From 1 July, the energy price cap rises by 13%. A typical household paying by direct debit will see their annual bill climb to £1,862, an increase of around £221. Prepayment customers face £1,812; those who pay on receipt of a bill will be hit with £2,005. Once again, the families who can least afford it are being squeezed the hardest.
But look beneath the headline number and you find the real story. Electricity bills are rising by around 5%. Gas bills are rising by a brutal 24%. The cause, according to Ofgem, is higher wholesale gas prices driven by the conflict in the Middle East. And that single fact demolishes the central promise of the net zero project.
We Were Promised Cheap, Secure Energy. We Got Neither.

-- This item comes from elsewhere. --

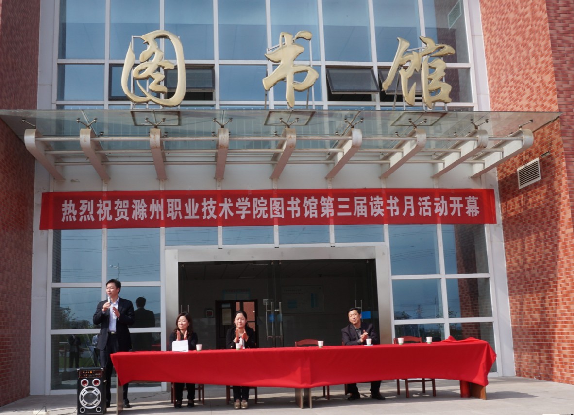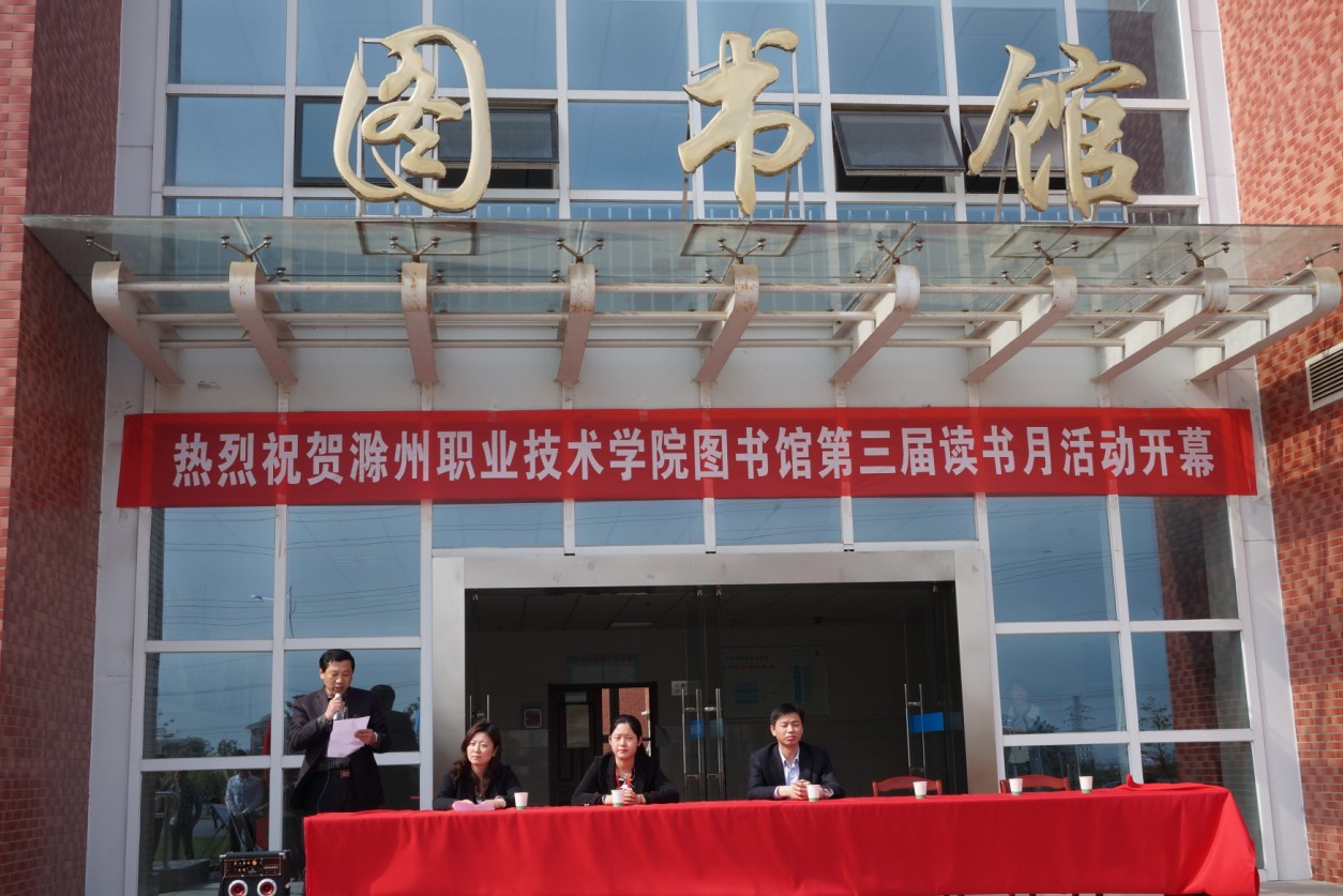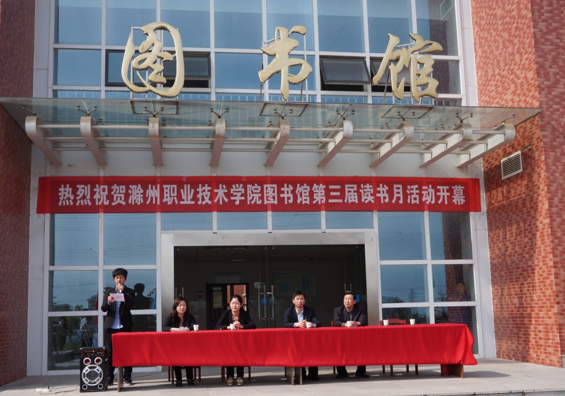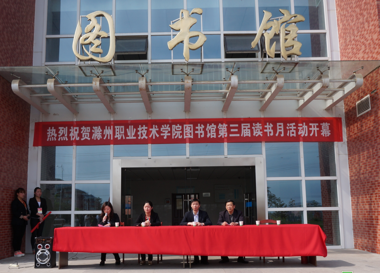 本届读书月活动于2014年4月23日下午三时隆重开幕。开幕式由团委书记王蓓蓓主持,院党委委员、副院长汪上、图书馆馆长苏和堂、中公教育滁州分销图书部主管徐聪出席仪式,馆内全体工作人员及各系部学生代表等上百余人参加。

For years, Ed Miliband and the green lobby told us that rushing to net zero would make Britain energy independent and slash bills. The opposite has happened. A war thousands of miles away can still send British gas prices soaring by a quarter, because we remain hooked on imported gas while we shut down our own production in the North Sea.

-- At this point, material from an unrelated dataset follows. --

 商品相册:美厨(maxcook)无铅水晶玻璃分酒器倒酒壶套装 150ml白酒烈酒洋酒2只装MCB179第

You cannot decarbonise your way out of a gas crisis by banning the gas you have under your own feet. Every time a flashpoint erupts overseas, British households pay the price. That is not energy security. That is energy surrender.

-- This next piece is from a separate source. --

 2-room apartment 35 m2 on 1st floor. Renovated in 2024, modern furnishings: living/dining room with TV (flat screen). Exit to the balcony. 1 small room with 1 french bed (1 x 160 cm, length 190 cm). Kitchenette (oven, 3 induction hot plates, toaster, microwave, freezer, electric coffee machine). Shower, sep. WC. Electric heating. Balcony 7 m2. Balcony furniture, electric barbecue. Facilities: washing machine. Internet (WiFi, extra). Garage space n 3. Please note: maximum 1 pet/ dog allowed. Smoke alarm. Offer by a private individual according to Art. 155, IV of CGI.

The Hidden Costs Nobody Voted For
It is not just wholesale prices. Layered on top of every bill are the costs of net zero infrastructure: grid upgrades, renewable subsidies, standing charges and levies that the political class would rather you did not notice. These costs do not disappear when wholesale prices fall. They are baked in permanently, a stealth tax on warmth.
Meanwhile, pensioners are rationing heating and small businesses are folding because their energy bills have become unmanageable. The government calls this progress. Out in the real world, it looks like managed decline.
What Reform UK Would Do
Reform UK would scrap the net zero targets that are driving up bills and restore Britain's energy independence. That means backing domestic gas production in the North Sea, lifting the effective ban on new licences, and treating our own natural resources as an asset rather than an embarrassment.
We would strip the green levies out of household bills and stop using ordinary families as a piggy bank for ideological projects. Energy policy should serve the British people, not a target on a politician's spreadsheet. Until Westminster grasps that, every overseas crisis will keep landing on your kitchen table in the form of a higher bill.